Fault Line
- Cover
- Publishers: TSR
- Systems: Marvel Super Heroes

= Fault Line (adventure) =

Role-playing game adventure

Fault Line is a role-playing game adventure published by TSR in 1985 for the Marvel Super Heroes role-playing game.

==Contents==
Fault Line is a scenario in which Spider-Man, Captain America, the Wasp, and the Black Knight have a limited amount of time to save New York City from being destroyed by an earthquake.

==Publication history==
MH8 Fault Line was written by Kim Eastland, and was published by TSR, Inc., in 1985 as a 16-page book, a large color map, and an outer folder.

==Reviews==

"Fault Line" by Kim Eastman ranks as one of the best modules for TSR's classic Marvel Super Heroes RPG. Featuring Spiderman and three Avengers (Captain America, Wasp and Black Knight), the game pits the heroes up against a mastermind (pun fully intended) and the stakes are high.

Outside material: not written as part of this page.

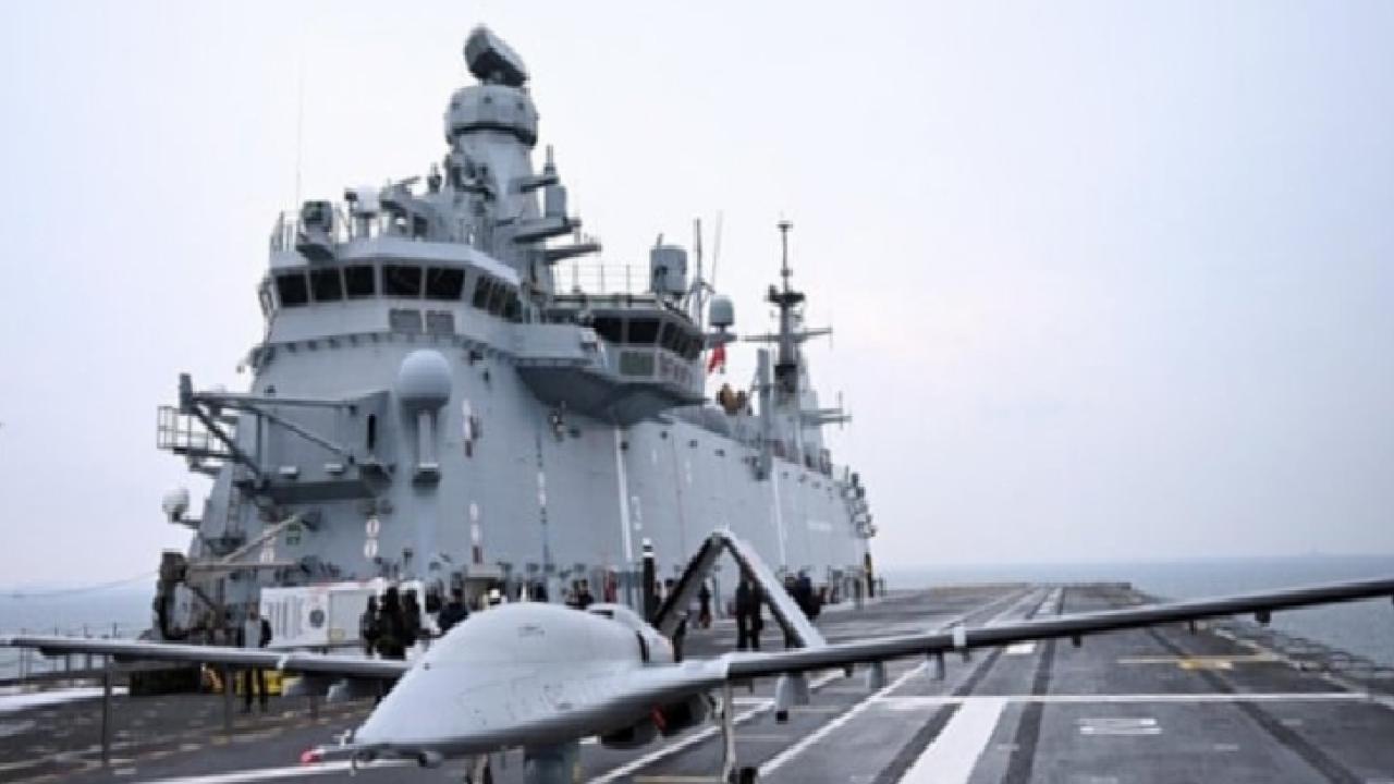 TCG Anadolu'dan havalanan Bayraktar TB3'ün deniz hedefine yönelik canlı atış testinin NATO tarihinde bir ilk olduğuna dikkat çekildi.

The module is far less structured than most relying on a series of incidents and a timetable so GMs who aren't flexible might have problems with it. But there's far more to the module. It includes a map which connects with the one included in the box set and detailed descriptions of the stores included on it. There are also plenty of stand-up cardboard figures of heroes, villains and NPCs as well. A must have for anyone playing the old TSR game after more than three decades.